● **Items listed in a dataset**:
──────────────────────────────
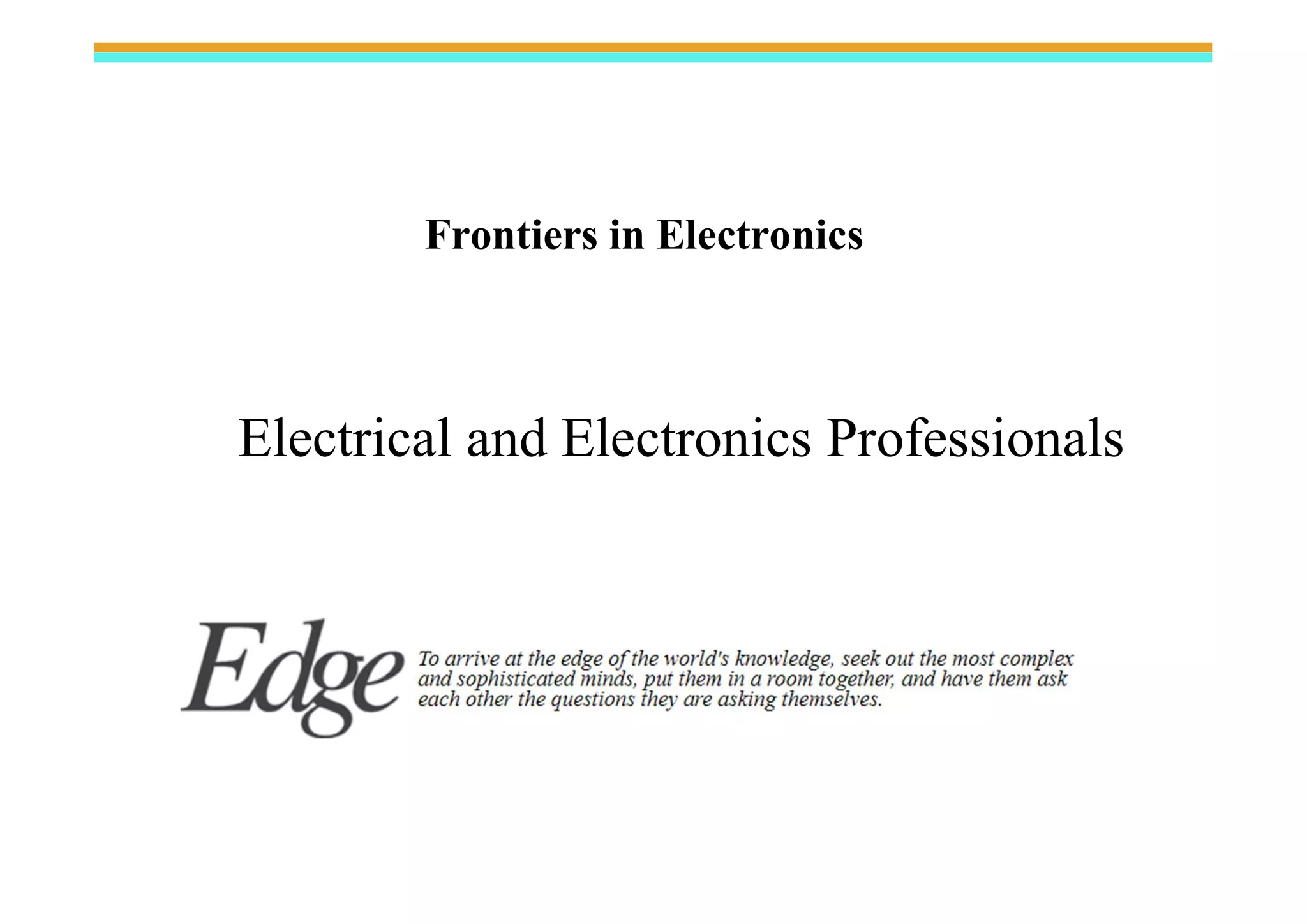 Frontiers in electronics To arrive at the edge of the world's knowledge, seek out the most complex and sophisticated minds, put them in a room together, and have them ask each other the questions they are asking themselves.
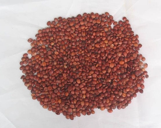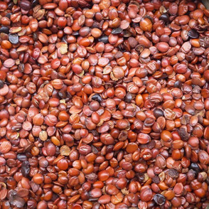【药材】干燥成熟的种子呈扁圆形或椭圆形,长5~9毫米,宽5~7毫米,厚约3毫米,表面赤褐色至紫褐色,未成熟者色浅或发黄,光滑。一面较平坦,中央有一条隆起线或纵纹,另一面微隆起,边缘略薄,先端有明显的种脐,另一端具微突起的合点,种脊位于-侧不明显。剥去种皮,可见类白色胚乳粘附在种皮内侧。子叶两片,类圆形或椭圆形,呈黄白色,肥厚油润。气微弱,味淡。以粒大饱满、外皮紫红色、无核壳者为佳。
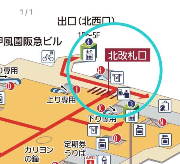 まず西宮北口駅の北改札口から出ます。
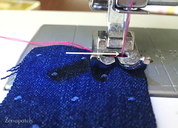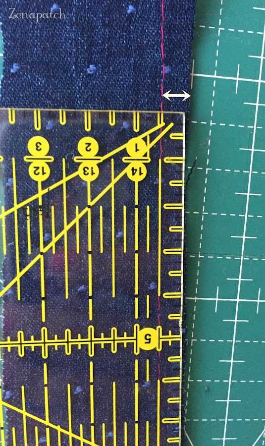En un retal o resto que tengas, lleva tu aguja hacia la derecha y cose unas puntadas. Mide hasta que consigas que tu costura sea de 0,5cm.
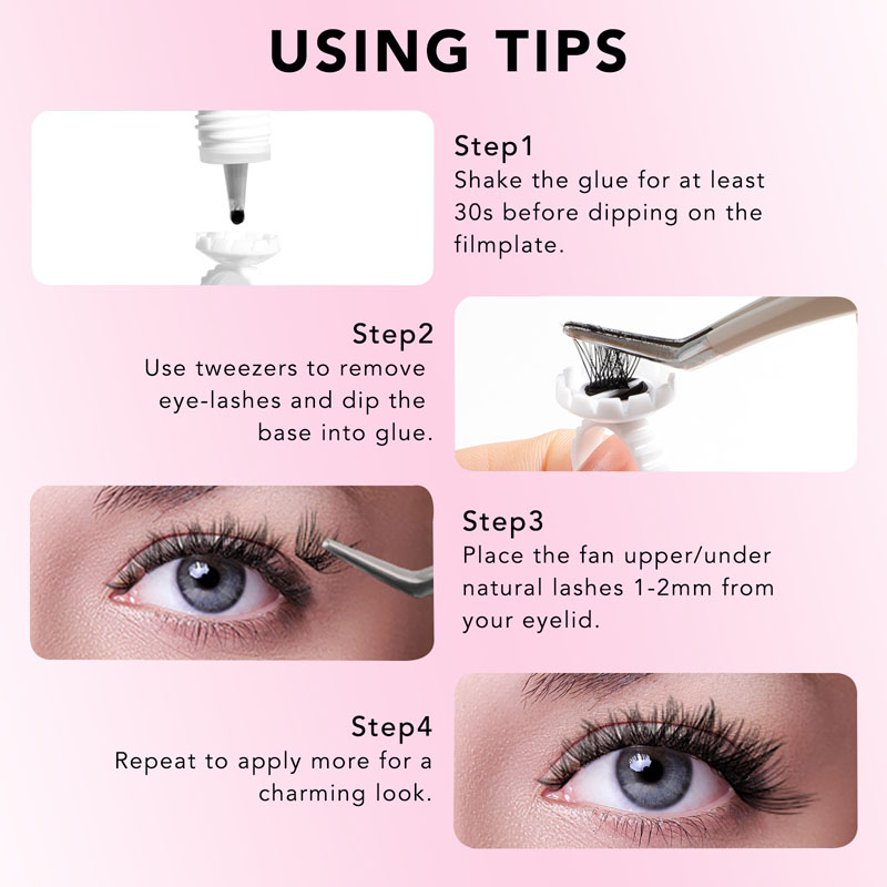 Postopek aplikacije je hiter in enostaven. Začnite z izbiro želenih grozdov za trepalnice in jih položite na ravno površino. Nato na dno vsake grozde nanesite majhno količino našega samostojnega lepljenja. Pustite, da se lepilo za ploščo za trepalnice nekaj sekund posuši, nato pa grozde nežno pritisnite na vaše naravne trepalnice.
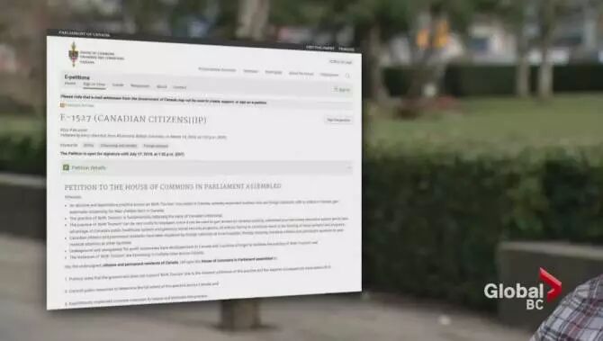 请愿书中写道:“生育旅游、双非婴儿的出现,是在从根本上降低加拿大公民身份的价值”。
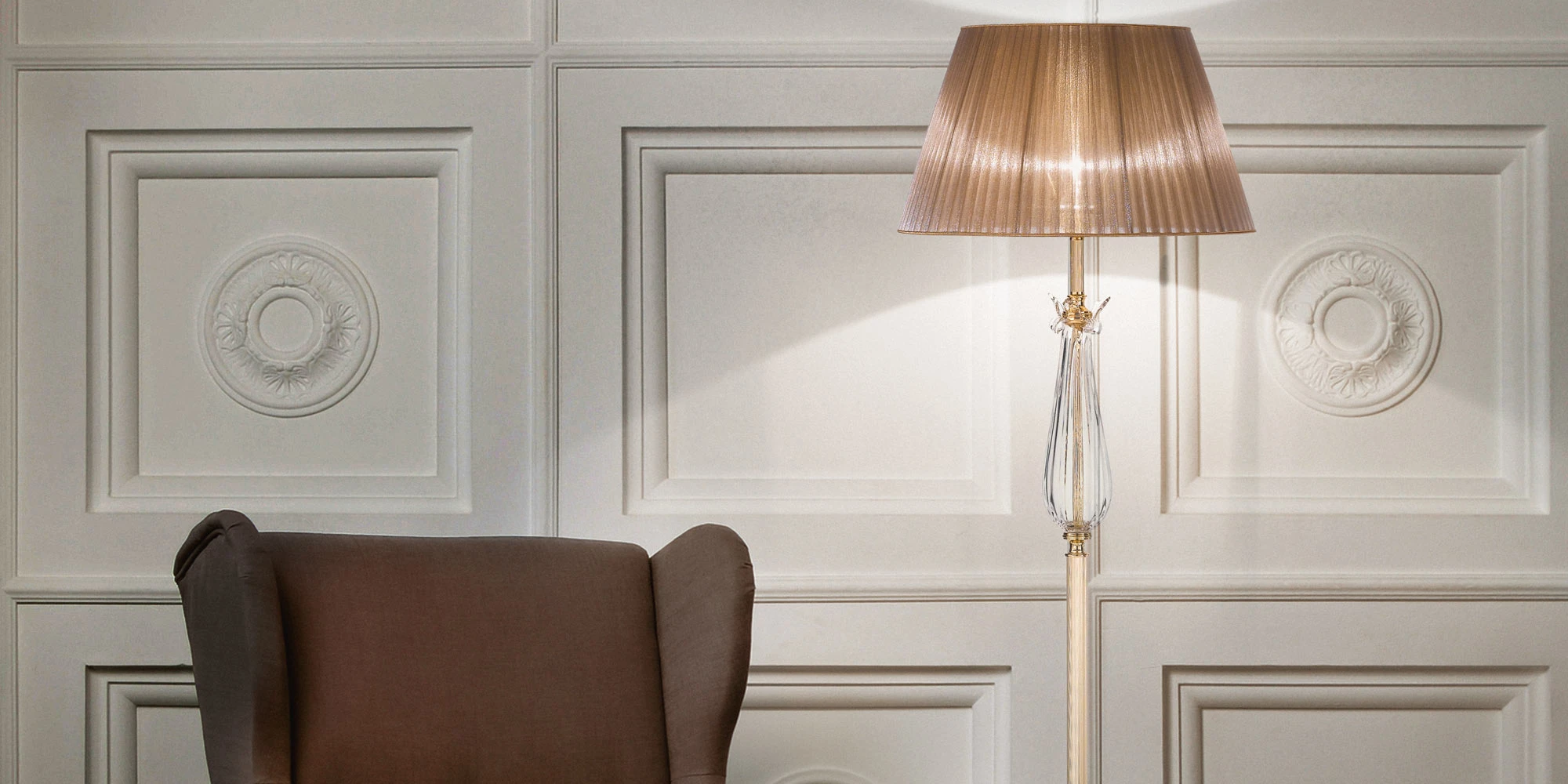 888/P3-SH/P Floor Lamps – Windsor Collection Classic and versatile, ideal for both refined interiors and large spaces such as staircases or halls. In Suburra, they appear with French gold finish, Schöler plates, and organza shades.
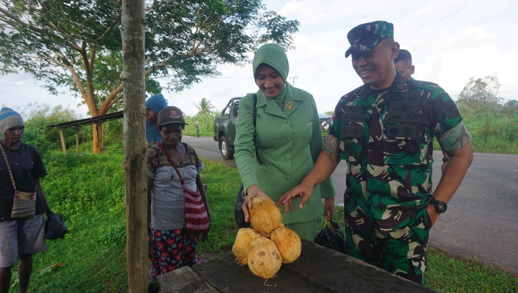 Danrem Brigjen Agus Widodo menyampaikan sangat tersentuh melihat mama-mama seorang diri menjual hasil menanam di kebun dengan memanfaatkan sumber daya alam sebagai lahan mengais rezeki. “Mudah-mudahan ini dapat membantu pendapatannya hari ini dan dapat segera pulang ke rumah untuk berkumpul sama keluarganya,” ucapnya.
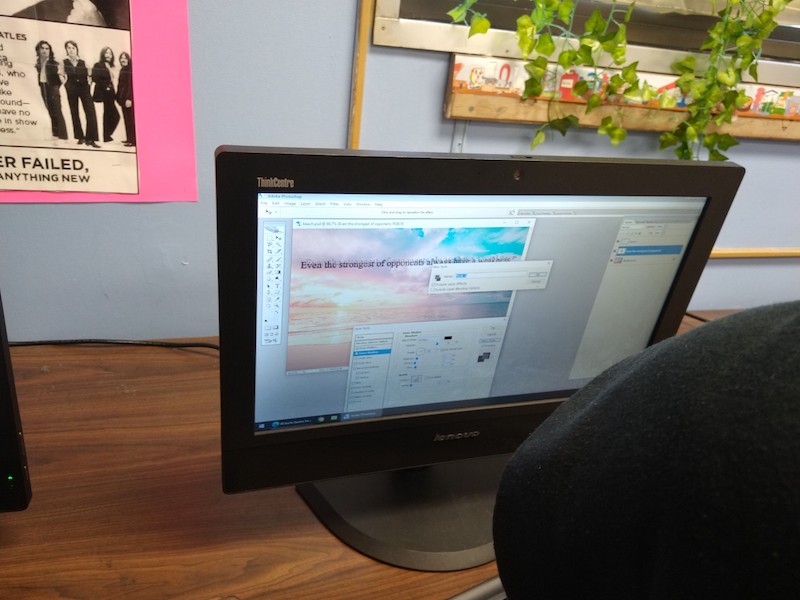 Some students are learning graphic design with an older, legacy version of Adobe Photoshop. In this photo, a student practices adding text to an image. He explored the different layer styles too.
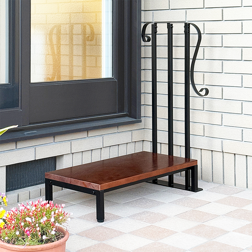キーワード:手すり付きアイアンステップ 1段 段差解消 玄関 土間 デッキ 段差 1段ステップ 木製 天然木 エクステリア 右 左 敬老の日 ウッドデッキ 縁台 掃き出し窓 おしゃれ リフォーム アジャスター付き 左右取付 玄関台 転倒防止 勝手口 高齢者 実家 プレゼント 物干し ガーデニング 庭 ケガ防止 パウダーコーティング 室内 腰掛け エントランス 玄関 ベランダ エクステリア 踏み台 土間上がり ステップ 段差解消 庭 玄関 ベランダ 天然木 介護 歩行支援 玄関台 ステップ ステップ台 通販サンゴ
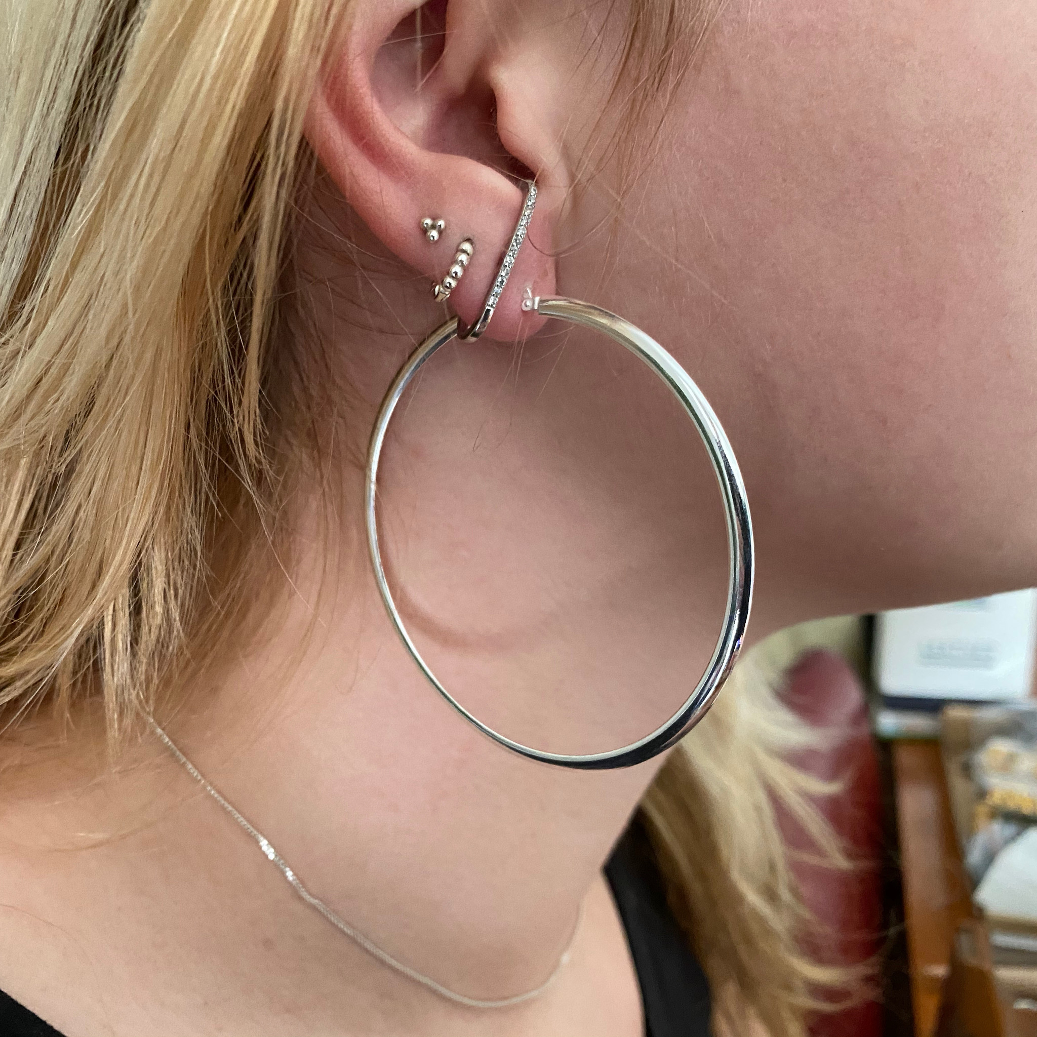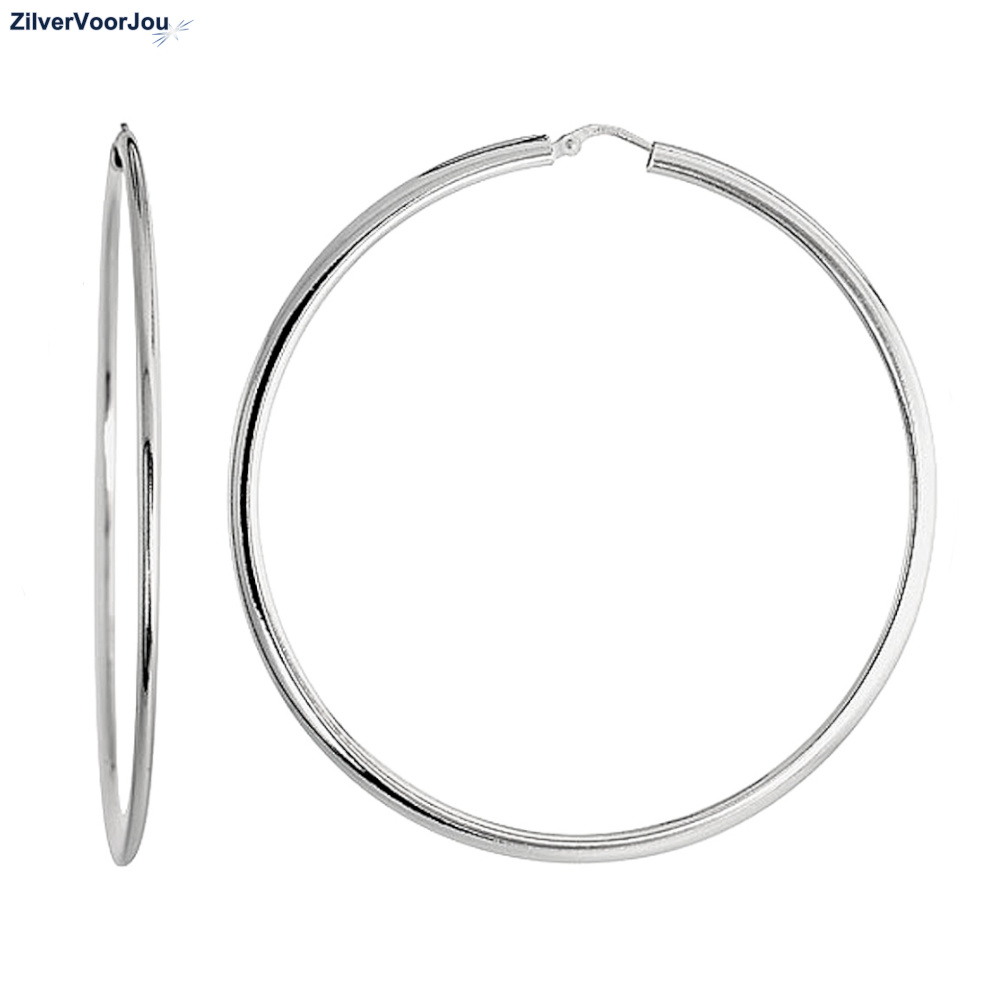 Alles over dit productDesign oorringen met een vlakke platte buis. Grote oorringen met een diameter van 65 mm. De buis is 2,25 mm dik en 3 mm breed. Geheel gemaakt van 925 zilver. De oorringen sluiten met een makkelijke scharnier sluiting.Must have!
──────────────────────────────
● **The task**: The required output is a verbatim repetition of the lines from the opening of the entries above through the line containing "En un retal", inclusive, with no pictures and nothing else.

● **Answer box**:
 Frontiers in electronics To arrive at the edge of the world's knowledge, seek out the most complex and sophisticated minds, put them in a room together, and have them ask each other the questions they are asking themselves.
【药材】干燥成熟的种子呈扁圆形或椭圆形,长5~9毫米,宽5~7毫米,厚约3毫米,表面赤褐色至紫褐色,未成熟者色浅或发黄,光滑。一面较平坦,中央有一条隆起线或纵纹,另一面微隆起,边缘略薄,先端有明显的种脐,另一端具微突起的合点,种脊位于-侧不明显。剥去种皮,可见类白色胚乳粘附在种皮内侧。子叶两片,类圆形或椭圆形,呈黄白色,肥厚油润。气微弱,味淡。以粒大饱满、外皮紫红色、无核壳者为佳。
 まず西宮北口駅の北改札口から出ます。
En un retal o resto que tengas, lleva tu aguja hacia la derecha y cose unas puntadas. Mide hasta que consigas que tu costura sea de 0,5cm.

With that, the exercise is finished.